*WHAT IS NEEDED*: Beginning with the line containing "se si arriva" and going on through the line containing "Add 2 cups of", the lines below are to be returned exactly, pictures excluded and nothing added.

*DATASET EXTRACT*:
===============

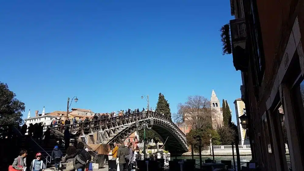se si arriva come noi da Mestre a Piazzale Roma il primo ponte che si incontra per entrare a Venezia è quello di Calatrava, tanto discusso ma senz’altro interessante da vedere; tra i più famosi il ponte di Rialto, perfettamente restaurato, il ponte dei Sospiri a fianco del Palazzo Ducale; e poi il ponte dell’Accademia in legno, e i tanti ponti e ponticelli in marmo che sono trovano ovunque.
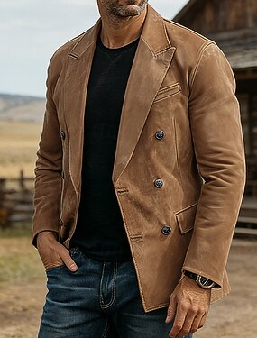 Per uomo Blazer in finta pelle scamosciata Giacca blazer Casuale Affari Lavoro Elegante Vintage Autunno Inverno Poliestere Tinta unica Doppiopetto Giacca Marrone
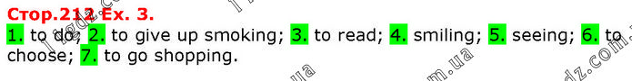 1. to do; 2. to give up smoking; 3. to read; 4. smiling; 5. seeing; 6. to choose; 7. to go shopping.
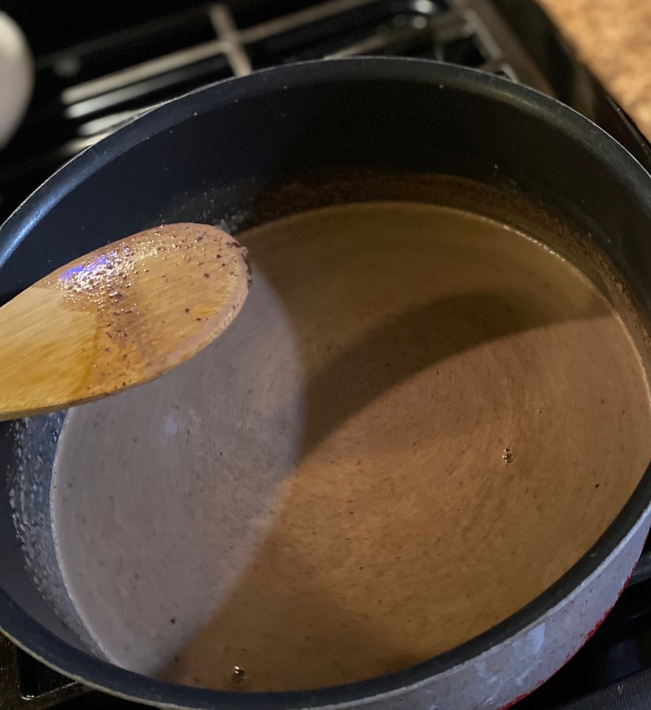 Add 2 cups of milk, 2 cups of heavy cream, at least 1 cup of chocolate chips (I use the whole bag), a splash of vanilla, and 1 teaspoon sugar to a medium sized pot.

===============

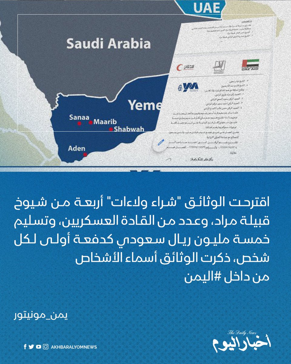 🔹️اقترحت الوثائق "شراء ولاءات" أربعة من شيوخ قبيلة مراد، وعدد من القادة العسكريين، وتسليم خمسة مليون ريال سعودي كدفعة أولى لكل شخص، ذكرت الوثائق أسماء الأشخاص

===============

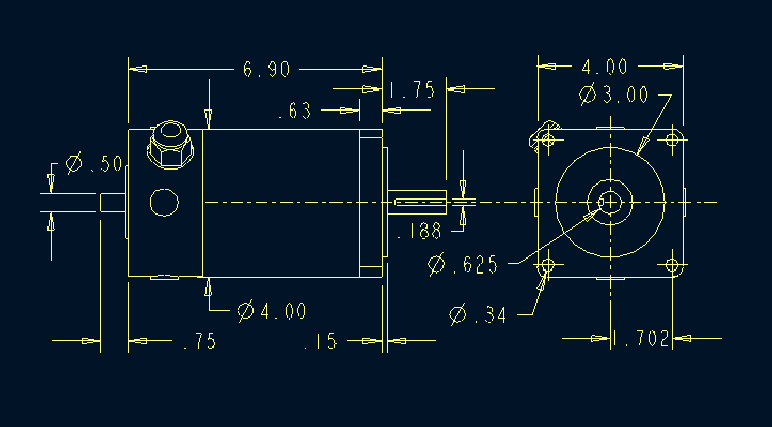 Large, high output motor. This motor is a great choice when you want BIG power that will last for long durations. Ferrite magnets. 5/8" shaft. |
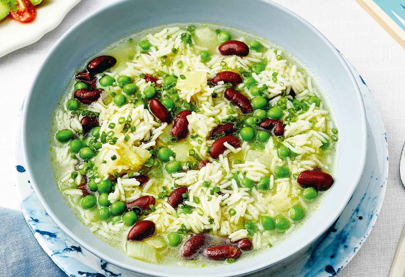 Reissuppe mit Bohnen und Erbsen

===============

*TASK RESULT*:
se si arriva come noi da Mestre a Piazzale Roma il primo ponte che si incontra per entrare a Venezia è quello di Calatrava, tanto discusso ma senz’altro interessante da vedere; tra i più famosi il ponte di Rialto, perfettamente restaurato, il ponte dei Sospiri a fianco del Palazzo Ducale; e poi il ponte dell’Accademia in legno, e i tanti ponti e ponticelli in marmo che sono trovano ovunque.
 Per uomo Blazer in finta pelle scamosciata Giacca blazer Casuale Affari Lavoro Elegante Vintage Autunno Inverno Poliestere Tinta unica Doppiopetto Giacca Marrone
 1. to do; 2. to give up smoking; 3. to read; 4. smiling; 5. seeing; 6. to choose; 7. to go shopping.
 Add 2 cups of milk, 2 cups of heavy cream, at least 1 cup of chocolate chips (I use the whole bag), a splash of vanilla, and 1 teaspoon sugar to a medium sized pot.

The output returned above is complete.